1

Im trying to use the method pyarrow.compute.assume_timezone but i get the error:

pyarrow.lib.ArrowInvalid: Cannot locate timezone 'UTC': Unable to get Timezone database version from C:\Users\Nick\Downloads\tzdata\

I tried download the db from https://www.iana.org/time-zones without success

Anyone got it work ?

import pyarrow
import pyarrow.compute as pc

import numpy
dt = pyarrow.array([numpy.datetime64("2022-10-10T12:00:12.123456789")], pyarrow.timestamp("ns"))
print(pc.assume_timezone(dt, "UTC"))
Devyl
  • 565
  • 3
  • 8
  • Could you try pc.assume_timezone(dt, "Etc/UTC")? My assumption here is only names in the "TZ database name" column in the table here https://en.wikipedia.org/wiki/List_of_tz_database_time_zones will work. – Rok Oct 31 '22 at 18:17
  • It's working for me with python 3.9, numpy==1.23.4 and pyarrow==10.0.0 – 0x26res Oct 31 '22 at 18:37
  • @Rok - `"UTC"` is a valid alias for `"Etc/UTC"` – Matt Johnson-Pint Oct 31 '22 at 23:24
  • 1
    @Devyl - Does [this](https://arrow.apache.org/docs/developers/cpp/windows.html#downloading-the-timezone-database) or [this](https://arrow.apache.org/docs/cpp/build_system.html#download-timezone-database) help? – Matt Johnson-Pint Oct 31 '22 at 23:34
  • 1
    You're right @MattJohnson-Pint. I forgot that tzdb is not set up for pyarrow on windows yet.
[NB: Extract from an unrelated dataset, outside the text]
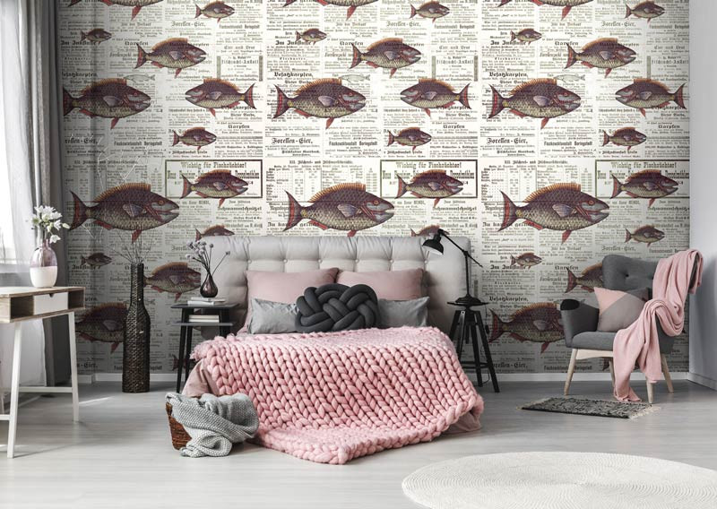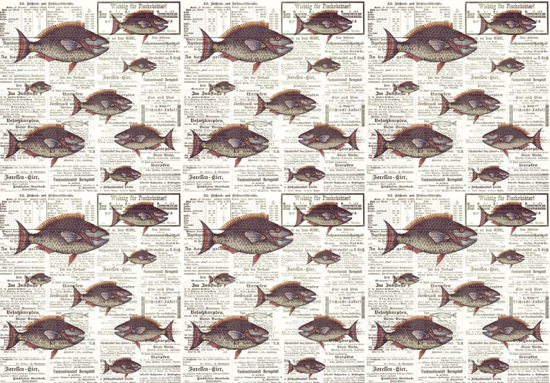 Fototapete von Piranhas auf Zeitungspapier.

Here are relevant tickets [ARROW-16054](https://issues.apache.org/jira/browse/ARROW-16054), [ARROW-13168](https://issues.apache.org/jira/browse/ARROW-13168) . – Rok Nov 02 '22 at 00:05

1 Answers1

1

Indeed there is doc how to install in Arrow, thanks @Matt Johnson-Pint

I made a script to install it if anyone wants

def download_tzdata_windows(
    base_dir=None,
    year=2022,
    name="tzdata"
):
    import os
    import tarfile
    import urllib3

    http = urllib3.PoolManager()
    folder = base_dir if base_dir else os.path.join(os.path.expanduser('~'), "Downloads")
    tz_path = os.path.join(folder, "tzdata.tar.gz")
    
    with open(tz_path, "wb") as f:
        f.write(http.request('GET', f'https://data.iana.org/time-zones/releases/tzdata{year}f.tar.gz').data)
    
    folder = os.path.join(folder, name)
    
    if not os.path.exists(folder):
        os.makedirs(folder)
    
    tarfile.open(tz_path).extractall(folder)
    
    with open(os.path.join(folder, "windowsZones.xml"), "wb") as f:
        f.write(http.request('GET', f'https://raw.githubusercontent.com/unicode-org/cldr/master/common/supplemental/windowsZones.xml').data)
download_tzdata_windows(year=2022)
Devyl
  • 565
  • 3
  • 8